First, I knew that I wanted to limit my equipment in the main tank, so that meant a sump which is hidden below the main tank in the stand. Then I read about refugiums and thought that sounded like a good idea, so I bought a sump with a small refugium compartement.
I have my heater,return pump,probes,protein skimmer and float valve all within the sump.

If you decide to go with a sump, you need some way to get water out of you main tank and down to the sump, Ideally, it's best to have your tank drilled, but for me and many others, this wasn't an option. they make overflows that siphon the water out and send it down to the sump. www.Lifereef.com are very good overflow boxes, others require powerheads for keeping the siphon going, this is scary in my mind when you have a power failure.

As far as equipment goes, get Ebo-Jagger heaters, maxi-jet powerheads.

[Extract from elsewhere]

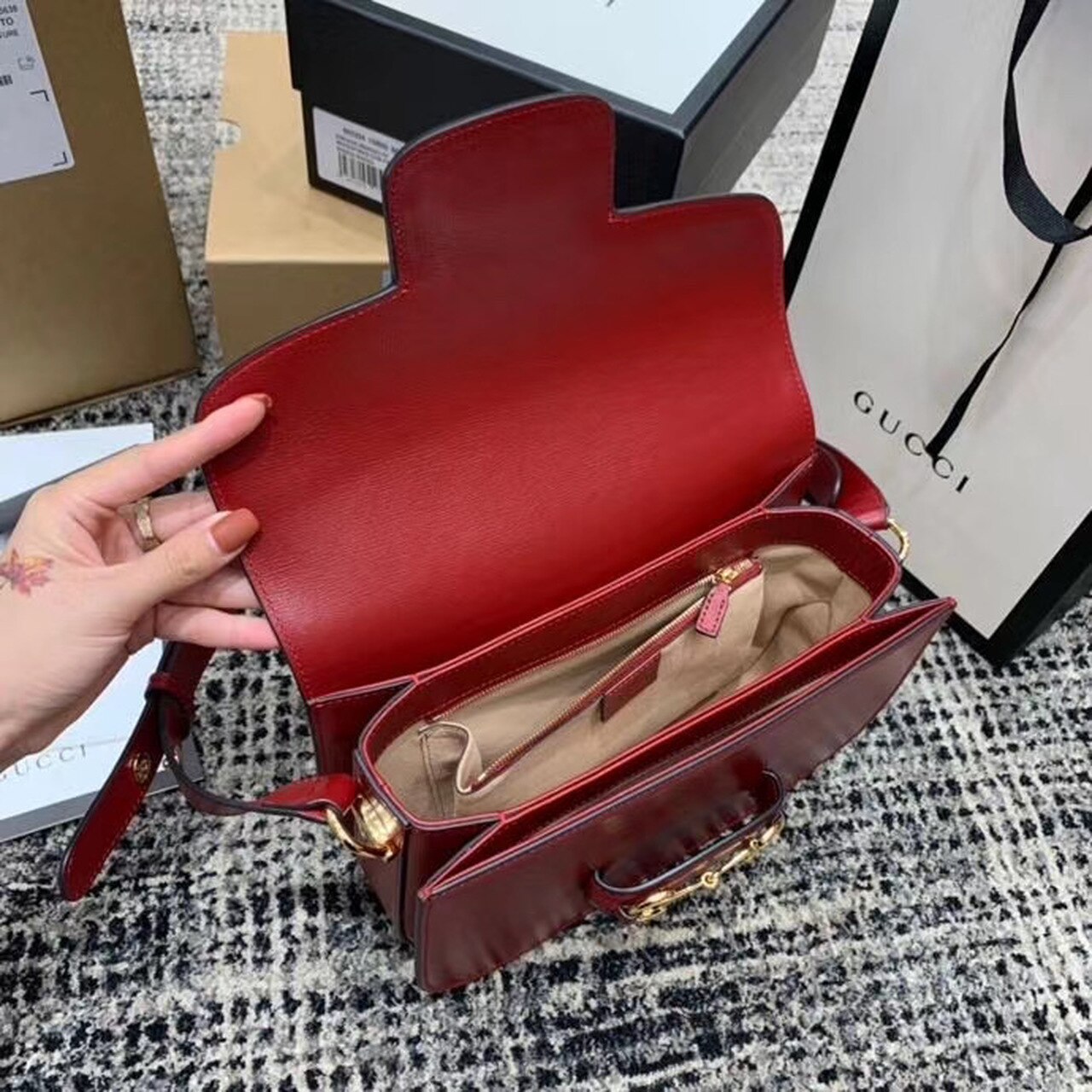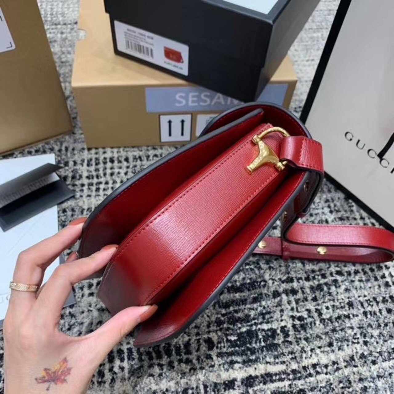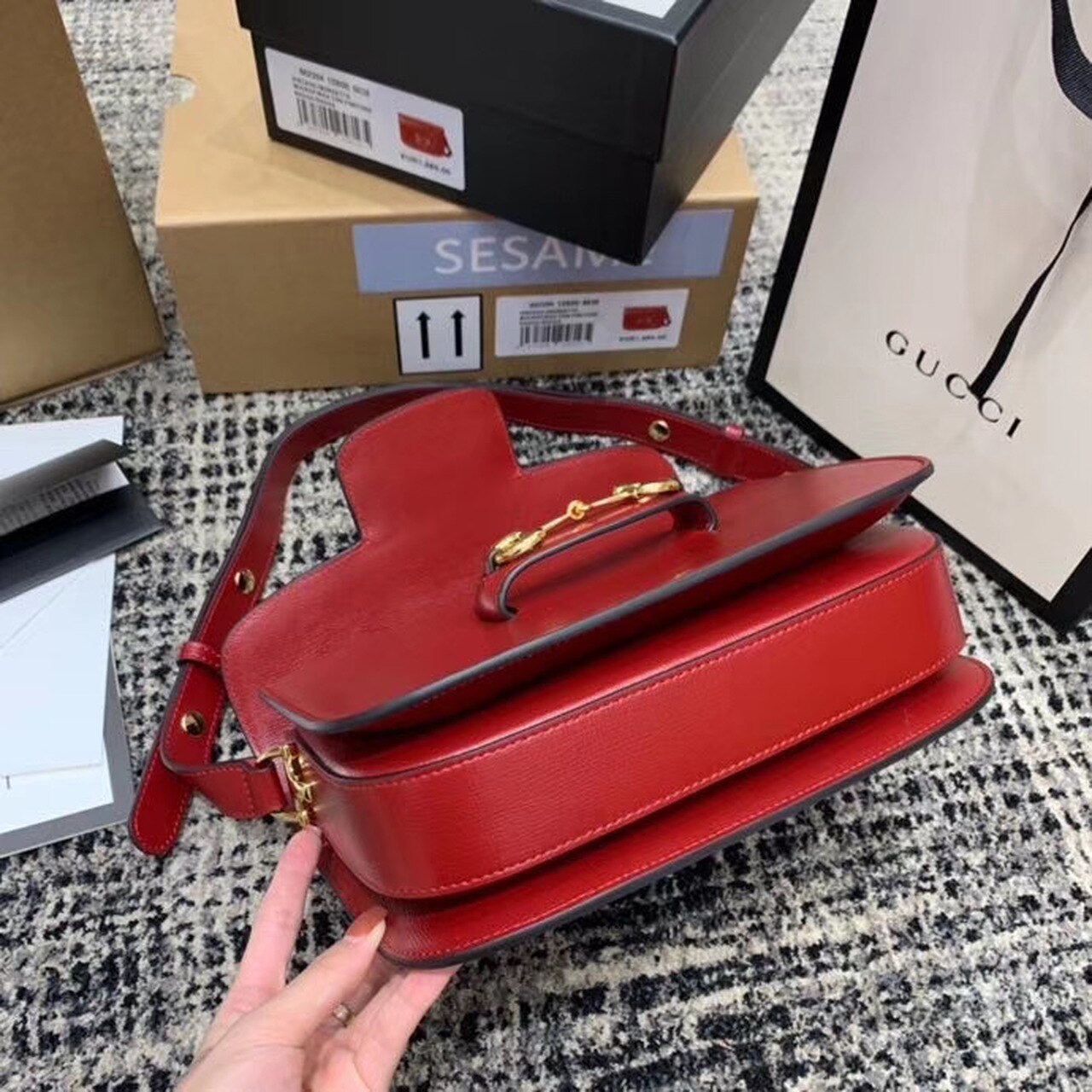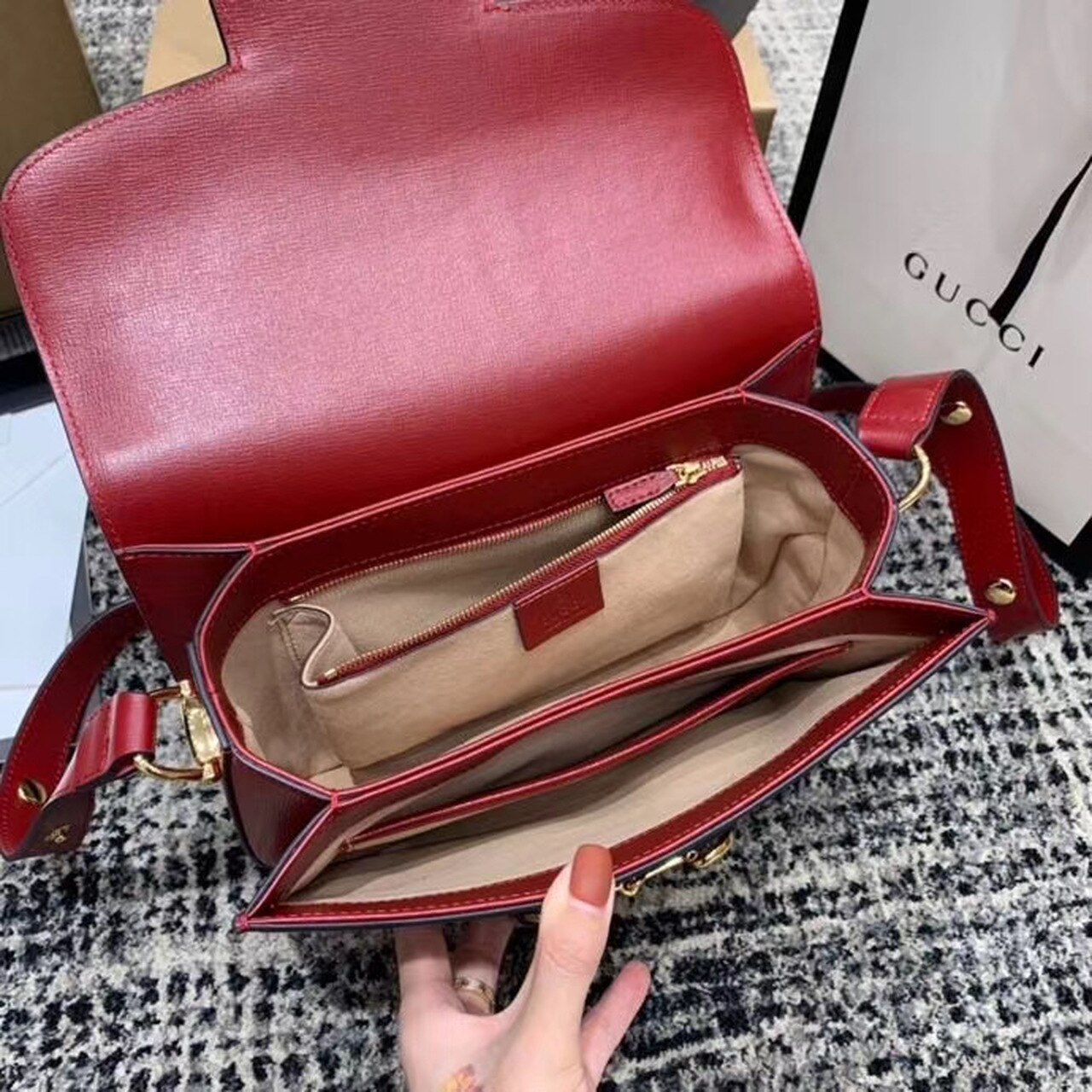 Introduced for Cruise 2020, the Gucci Horsebit 1955 bag is recreated from an archival design. With the same lines and forms first introduced over six decades ago, the accessory unifies the original details with a modern spirit, highlighting the Horsebit. Part of GG’s genetic code, the double ring and bar design has been established as one of the most distinctive elements among the House symbols borrowed from the equestrian world. Presented on a small flap shoulder bag, the hardware is paired with textured red and completed with a special mechanism that adjusts the length of the shoulder strap so it can be carried on one shoulder or cross body.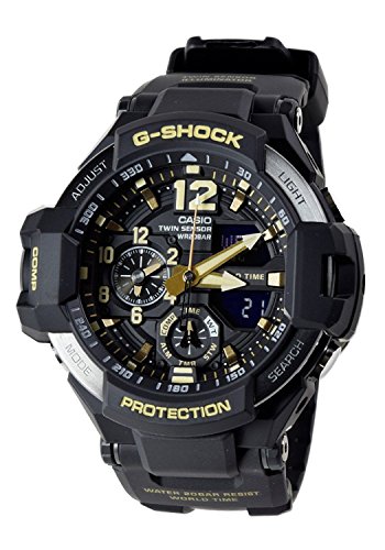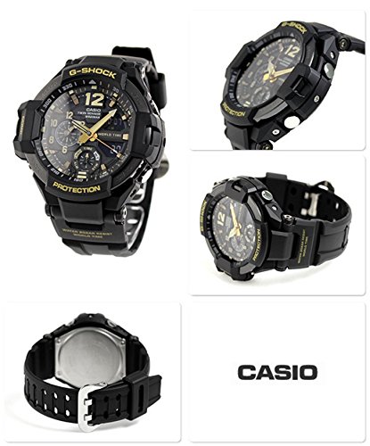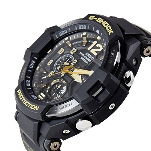 -. Feature : ・ 方位、温度が計測可能なツインセンサー ・ 高輝度なLEDライト「スーパーイルミネーター」 / ・ 2都市の時刻を同時表示できるデュアルダイアルワールドタイム ・ 針退避機能 / 陸・海・空、それぞれの極限の状況下での使用を想定し、特殊機能を備えたマスターオブG(MASTER OF G)シリーズから、「ヴィンテージ」をテーマにした「Vintage Black & Gold(ヴィンテージブラック&ゴールド)」モデルが登場。 G-SHOCKのブランドカラーであるブラックをベースカラーに、時字、時分針にゴールドやベージュを採用。過酷な任務に当たるパイロットなどが愛用し、使い込んだツールや機材の風合いをイメージし、長い時を経て刻み込まれた深い味わいを表現しました。色褪せた計器盤をモチーフに、グラビティマスターに相応しいこだわりの配色を細部に至るまで施しました。 長期間のハードな使用にも耐える「タフ」なG-SHOCKを、時の流れをまとわせたカラーで表現したNewモデルの登場です。

Lights is totally up in the air. It's difficult to recommend something not knowing how far you want to go. If you want to end up with a reef, buy MH, if you can't afford that but want some corals, Coralife aqualights, are relatively inexpensive and will allow you to do several soft corals/polyps, and the aqualights look cool too.

Many will tell ya that your 55G will be happy with a Aqua C remora pro. Aqua-C have nice skimmers, there are better, but pricier as Devilishturtles said, but you'll be happy with the remora pro, and it works.